Traffic?! No problem–zip in a chopper in ride-share scheme | Lifestyle.INQ

OCTOBER 27, 2022

Ascent CEO Lionel Sinai-Sinelnikoff (right) and Inaec president Benjamin “Jay” Lopez
Ascent CEO Lionel Sinai-Sinelnikoff (right) and Inaec president Benjamin “Jay” Lopez

It’s called the Squirrel, says Capt. Edgar Allan Carreon, describing the French-made helicopter (AS350B2) we will hop on, with him as pilot.


Carreon, a retired Philippine Air Force officer, is one of the pilots you might also meet—if you book a flight, Grab-style, with Ascent, a new helicopter ride-sharing service that will start operations in select Philippine cities on April 8.


Seconds after takeoff, we imagine hearing Wagner’s “Ride of the Valkyries” in the chopper scene in “Apocalypse Now.” But flying from the domestic airport in Pasay to Ayala and Edsa in just a few seconds, an upbeat track, like Brubeck’s “Take Five,” is more apt.


The six-minute spin that took us on a drone-like cruise over Manila Bay, Makati, and BGC actually felt like a slo-mo amusement ride—a fun experience for people who need to zip, for instance, from Naia to Clark, or from Quezon City to Tagaytay, to skip the traffic.


Riding on a helicopter via Ascent is like chartering a flight—only it’s way cheaper. It also happens to be the first of its kind in Southeast Asia.


It’s easy to understand why Ascent, a startup tech company formed only last year, chose the country as launch pad for its chopper service that adopts the tagline “urban air mobility” (UAM), an industry term for on-demand, highly automated or unpiloted passenger or cargo-carrying air transportation service.


“There are traffic and connectivity issues between Metro Manila and the booming cities around it,” says Ascent CEO Lionel Sinai-Sinelnikoff, who adds that there’s a good number of helicopters and helipads rarely used in the metro.


But while Ascent has the software to operate its chopper platform, it needed to partner with a reliable company that will provide the hardware—helicopters and small planes.
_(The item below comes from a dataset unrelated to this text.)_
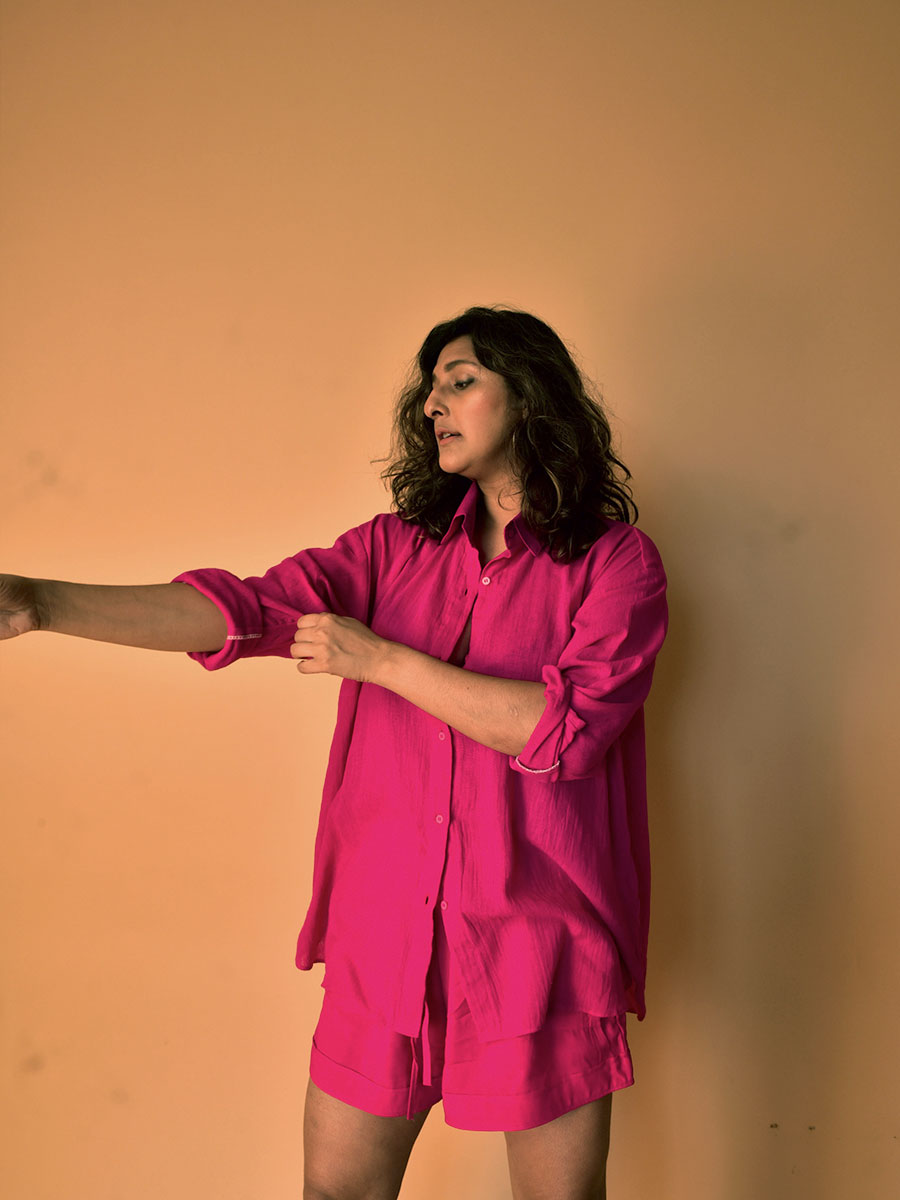 Classic monochrome shorts for effortless styling. With an elasticated waist, drawstring tie-up and pockets on both sides, these shorts are cut in statement pink dyed cotton. Pair with our Bea Shirt for a relaxed beach look.

That’s Inaec (Iloilo-Negros Air Express Company). Founded in 1932 by Don Eugenio H. Lopez Sr., the company was the first Filipino-owned private airline in the Philippines. Its website says that “although its fleet was completely destroyed in World War II, Inaec quickly rebuilt after the war to become Far East Asia Transport Inc. (Feati), the first Filipino airline to serve international routes.”


In 1947, Feati was sold and subsequently merged with Philippine Airlines.


In 1993, Inaec Aviation Corp. was revived initially to serve the needs of the Lopez Group of Companies. In 2001, it expanded its clientele due to a demand for domestic and international air charter services.


Helicopters as necessity


Benjamin “Jay” Lopez, Inaec president, says the company’s services can be crucial in times of emergency or crisis. He remembers the aftermath of Supertyphoon “Yolanda” in 2013, when government and private groups needed immediate response via relief efforts.


He says Sagip Kapamilya, an emergency humanitarian assistance program of Inaec’s sister company, ABS-CBN, is a “prime customer.”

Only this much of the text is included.